--- INFORMATION PROVIDED ---

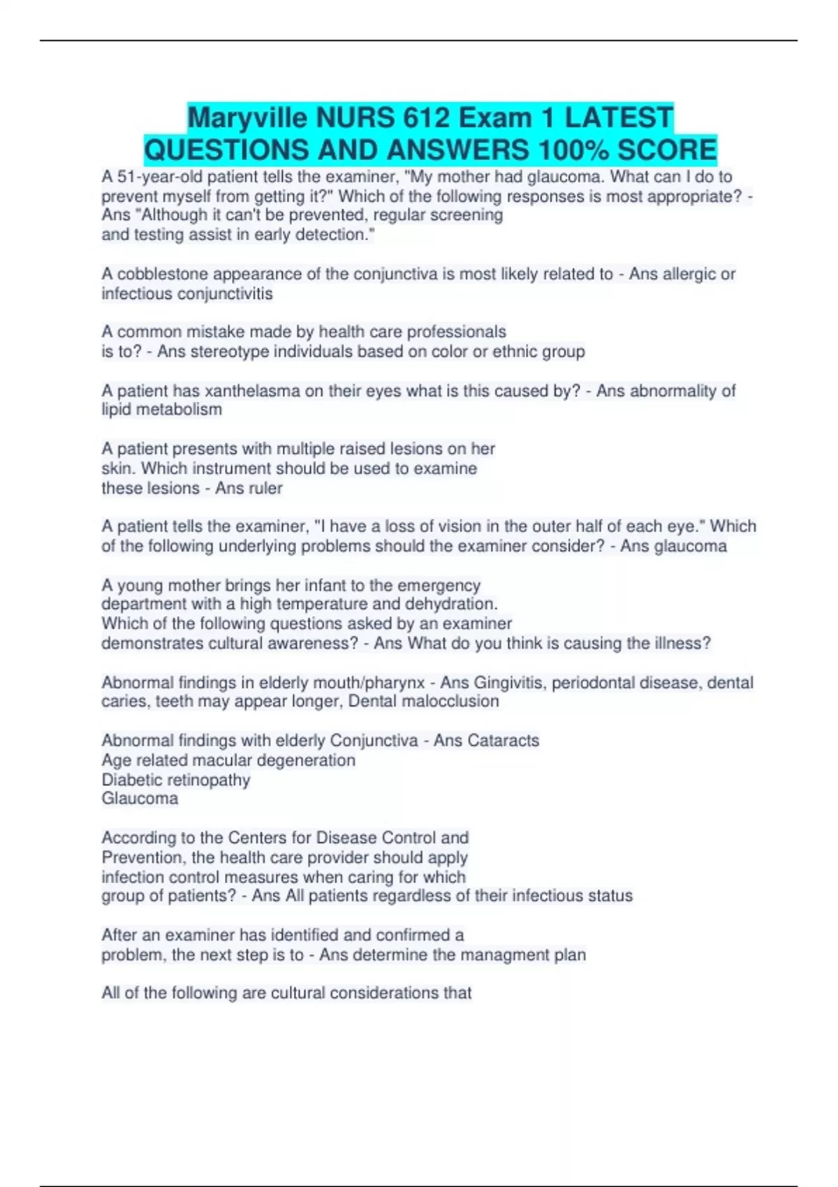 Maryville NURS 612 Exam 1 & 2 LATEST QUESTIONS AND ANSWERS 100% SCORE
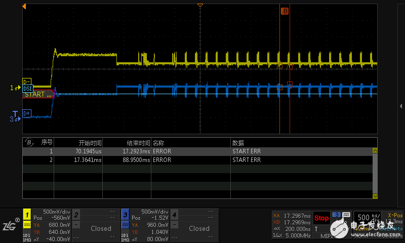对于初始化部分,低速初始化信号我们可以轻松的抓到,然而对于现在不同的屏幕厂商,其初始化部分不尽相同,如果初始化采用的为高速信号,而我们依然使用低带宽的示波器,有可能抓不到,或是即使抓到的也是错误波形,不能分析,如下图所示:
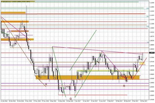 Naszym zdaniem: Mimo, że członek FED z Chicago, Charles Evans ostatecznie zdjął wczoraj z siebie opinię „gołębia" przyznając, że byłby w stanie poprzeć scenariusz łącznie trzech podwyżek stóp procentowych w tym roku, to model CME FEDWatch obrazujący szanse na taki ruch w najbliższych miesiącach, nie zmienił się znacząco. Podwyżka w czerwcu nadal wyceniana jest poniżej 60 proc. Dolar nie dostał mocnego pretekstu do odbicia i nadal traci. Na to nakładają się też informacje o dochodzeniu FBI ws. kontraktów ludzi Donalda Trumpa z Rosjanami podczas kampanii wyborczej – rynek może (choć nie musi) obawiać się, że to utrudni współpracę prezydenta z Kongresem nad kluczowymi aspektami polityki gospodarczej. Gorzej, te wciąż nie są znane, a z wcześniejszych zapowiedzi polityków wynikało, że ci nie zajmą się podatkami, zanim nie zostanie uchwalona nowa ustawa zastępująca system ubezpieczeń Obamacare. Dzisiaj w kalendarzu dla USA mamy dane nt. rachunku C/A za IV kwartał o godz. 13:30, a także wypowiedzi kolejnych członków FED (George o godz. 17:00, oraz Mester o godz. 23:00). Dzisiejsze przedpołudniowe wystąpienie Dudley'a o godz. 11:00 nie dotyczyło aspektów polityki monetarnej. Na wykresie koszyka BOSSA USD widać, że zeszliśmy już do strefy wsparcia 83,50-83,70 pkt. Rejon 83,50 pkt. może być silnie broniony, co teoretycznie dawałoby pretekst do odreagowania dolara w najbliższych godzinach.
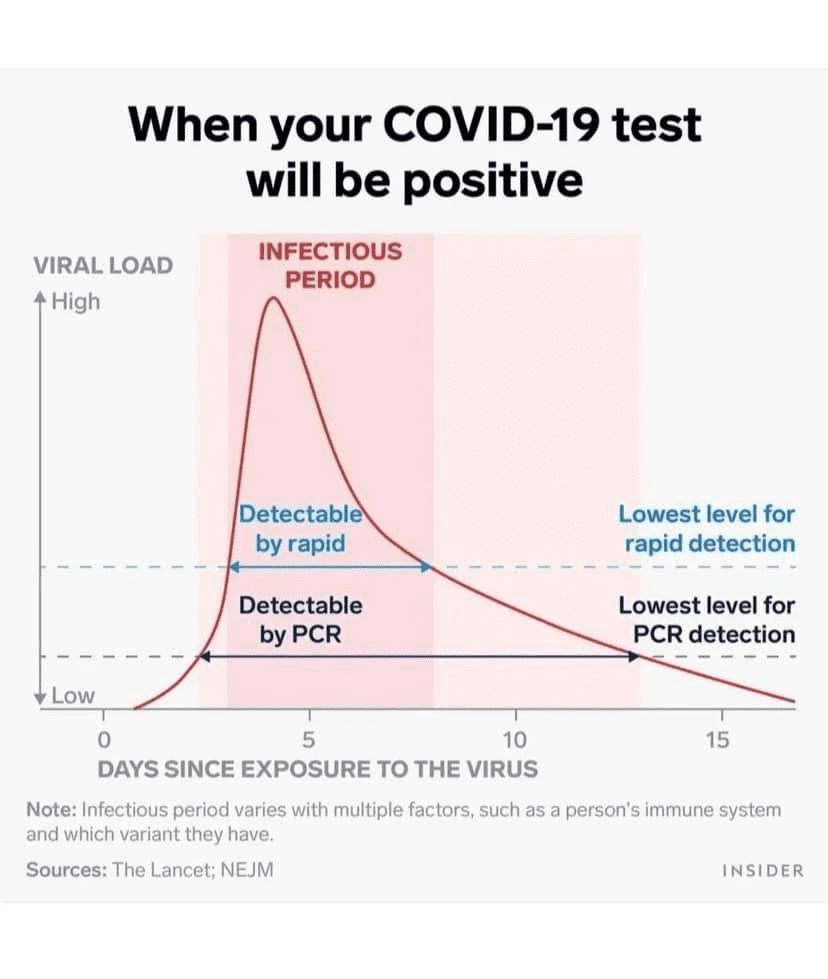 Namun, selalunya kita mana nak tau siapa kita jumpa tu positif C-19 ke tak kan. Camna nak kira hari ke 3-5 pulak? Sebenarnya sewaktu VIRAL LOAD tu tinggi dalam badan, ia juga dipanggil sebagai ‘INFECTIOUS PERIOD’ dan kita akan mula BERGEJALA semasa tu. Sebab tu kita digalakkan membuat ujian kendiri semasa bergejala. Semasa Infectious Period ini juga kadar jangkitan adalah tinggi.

---

Write out all of the data above exactly, without any of its pictures.

 Maryville NURS 612 Exam 1 & 2 LATEST QUESTIONS AND ANSWERS 100% SCORE
对于初始化部分,低速初始化信号我们可以轻松的抓到,然而对于现在不同的屏幕厂商,其初始化部分不尽相同,如果初始化采用的为高速信号,而我们依然使用低带宽的示波器,有可能抓不到,或是即使抓到的也是错误波形,不能分析,如下图所示:
 Naszym zdaniem: Mimo, że członek FED z Chicago, Charles Evans ostatecznie zdjął wczoraj z siebie opinię „gołębia" przyznając, że byłby w stanie poprzeć scenariusz łącznie trzech podwyżek stóp procentowych w tym roku, to model CME FEDWatch obrazujący szanse na taki ruch w najbliższych miesiącach, nie zmienił się znacząco. Podwyżka w czerwcu nadal wyceniana jest poniżej 60 proc. Dolar nie dostał mocnego pretekstu do odbicia i nadal traci. Na to nakładają się też informacje o dochodzeniu FBI ws. kontraktów ludzi Donalda Trumpa z Rosjanami podczas kampanii wyborczej – rynek może (choć nie musi) obawiać się, że to utrudni współpracę prezydenta z Kongresem nad kluczowymi aspektami polityki gospodarczej. Gorzej, te wciąż nie są znane, a z wcześniejszych zapowiedzi polityków wynikało, że ci nie zajmą się podatkami, zanim nie zostanie uchwalona nowa ustawa zastępująca system ubezpieczeń Obamacare. Dzisiaj w kalendarzu dla USA mamy dane nt. rachunku C/A za IV kwartał o godz. 13:30, a także wypowiedzi kolejnych członków FED (George o godz. 17:00, oraz Mester o godz. 23:00). Dzisiejsze przedpołudniowe wystąpienie Dudley'a o godz. 11:00 nie dotyczyło aspektów polityki monetarnej. Na wykresie koszyka BOSSA USD widać, że zeszliśmy już do strefy wsparcia 83,50-83,70 pkt. Rejon 83,50 pkt. może być silnie broniony, co teoretycznie dawałoby pretekst do odreagowania dolara w najbliższych godzinach.
 Namun, selalunya kita mana nak tau siapa kita jumpa tu positif C-19 ke tak kan. Camna nak kira hari ke 3-5 pulak? Sebenarnya sewaktu VIRAL LOAD tu tinggi dalam badan, ia juga dipanggil sebagai ‘INFECTIOUS PERIOD’ dan kita akan mula BERGEJALA semasa tu. Sebab tu kita digalakkan membuat ujian kendiri semasa bergejala. Semasa Infectious Period ini juga kadar jangkitan adalah tinggi.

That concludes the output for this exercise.